Table 4 shows the sex distribution, age, and snoring complaints in our subgroup of subjects who were not enrolled in WTCSNORE compared with subjects recruited to WTCSNORE. Demographics of the groups did not differ. Of the WTCHP cohort, 33% had pre-9/11 snoring and, by design, WTCSNORE did not include these subjects. A total of 75 of 209 subjects (37%) in WTCSNORE reported significant snoring post-9/11. This was significantly lower than the 51% of subjects not recruited to WTCSNORE, arguing against recruitment bias because of snoring as a symptom of OSA.
Table 4.
Demographics and Snoring Complaints in Subjects From New York University Enrolled in WTCSNORE and Subjects Attending the WTCHP but Not Enrolled in WTCSNORE
| Demographics and Snoring Complaints | WTCSNORE (n = 209) | WTCHP (n = 210) |
|---|---|---|
| Female sex, % | 20.4 | 20.7 |
| Mean age ± SD, y | 51.74 ± 8.27 | 53.9 ± 13.7 |
| WTC Visit 1 Questionnaire, No. (%) | ||
| Pre-September 11, 2001, snoring | … | 70 (33.3) |
| Post-September 11, 2001, snoring (within last month of administering questionnaire) (n = 201) | 75 (37) | 106 (50.7) |
| Current snoring at enrollment in WTCSNORE, No. (%) | 96 (47.3) | NA |
NA = not applicable; WTC = World Trade Center; WTCHP = WTC Health Program.

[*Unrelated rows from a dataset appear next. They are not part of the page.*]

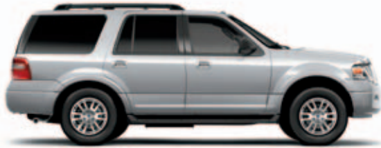
Ingot Silver Metallic
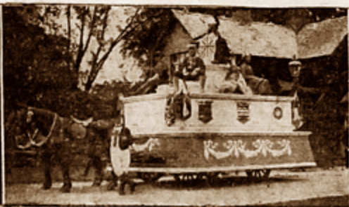
A. Club Car; "Demolition."
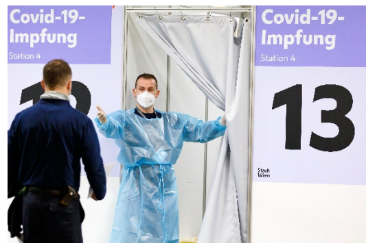
The Austria Center Vienna is currently Austria's largest testing and vaccination facility
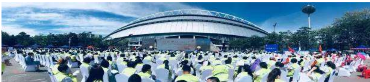
Photo of the main venue of Shenyang
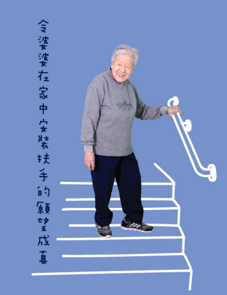
Fulfilling the dream of installing staircase handrails for old lady

WTC Dust Exposure and Relationship to New and Worsening CRS After 9/11 and OSA
Intermediate and high levels of WTC dust exposure were associated with higher CRS scores than low levels of exposure unadjusted and after adjusting for age, sex, BMI, and OSA. The mean CRS scores ± SEM were 1.78 ± 0.25 with low level of exposure, 2.53 ± 0.12 with intermediate exposure, and 2.41 ± 0.24 with high levels of WTC dust exposure (P < .05). However, the level of WTC exposure was not different between subjects with and without OSA (Table 1). Additionally, the level of exposure was not associated with greater severity of OSA (data not shown).

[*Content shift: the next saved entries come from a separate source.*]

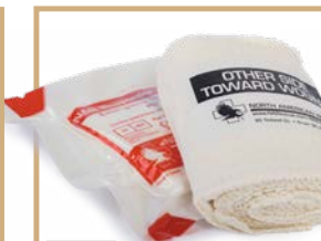
QTY 1 ETD™ 4 in. Responder, Flat
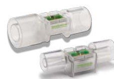
Disposable electronic flow sensor, adult and infant (1146497) (1146558)
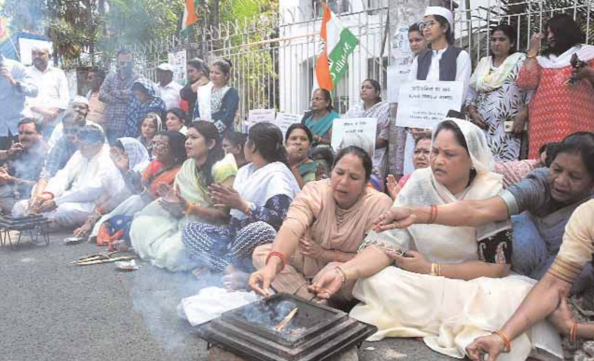
Mahila Congress workers perform a Yagna for the wisdom of Chief Minister Shivraj Singh Chouhan in the Tribal woman death incident, at PCC headquarters in Bhopal on Saturday.
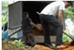
THE TEAM DEPLOYS
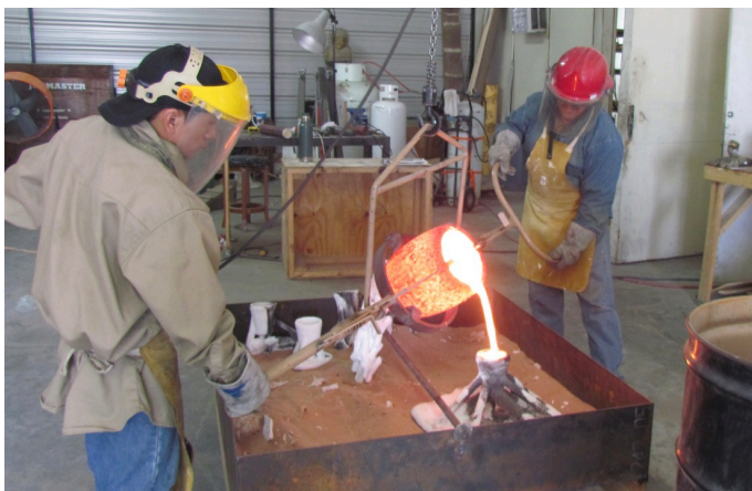
Pouring bronze at the Betz Foundry for an artist.

Sculptors can learn more about how a bronze sculpture is created and this can even save them money.

Relationship of New and Worsening CRS After 9/11 to New-Onset OSA
There were 216 subjects identified as having new-onset or worsening CRS. Subjects with OSA had higher nasal symptom scores and a significantly higher prevalence of CRS defined by the WTC criteria and by the newer EPOS definition (Fig 1, Table 1). However, in subjects with OSA, no significant differences were seen in respiratory event characteristics between subjects with and without CRS (Table 5, apnea index, supine and total AHI, supine and total RDI, Hypopnea 4%, HypopneaArsl, time < 90%, or time of loud snoring and in the severity of OSA, P = not significant). Using the WTC definition of CRS, we found that after adjusting for age, sex, and BMI (model 1), and adding GERD (model 2) or GERD and alcohol use (model 3), new and worsening CRS was still independently associated with new-onset OSA with an OR ranging from 1.80 to 1.76. Using the new EPOS definition and worsening CRS were independently associated with new-onset OSA adjusting for age, sex, and BMI (OR, 1.56; 95% CI, 1.01-2.40), but not in models 2 or 3 (Table 6).
Figure 1.
A significantly higher percentage of participants with OSA (red bars) had new and worsening CRS compared with those without OSA (blue bars) using both the WTC (42.8% vs 29.8%) and EPOS definitions of CRS (46.4% vs 33.8%), respectively. CRS = chronic rhinosinusitis; EPOS = 2012 European Position Paper on Rhinosinusitis and Nasal Polyps; WTC = World Trade Center.
Table 5.
Respiratory Events in Subjects With OSA (CRS Absent Compared With CRS Present)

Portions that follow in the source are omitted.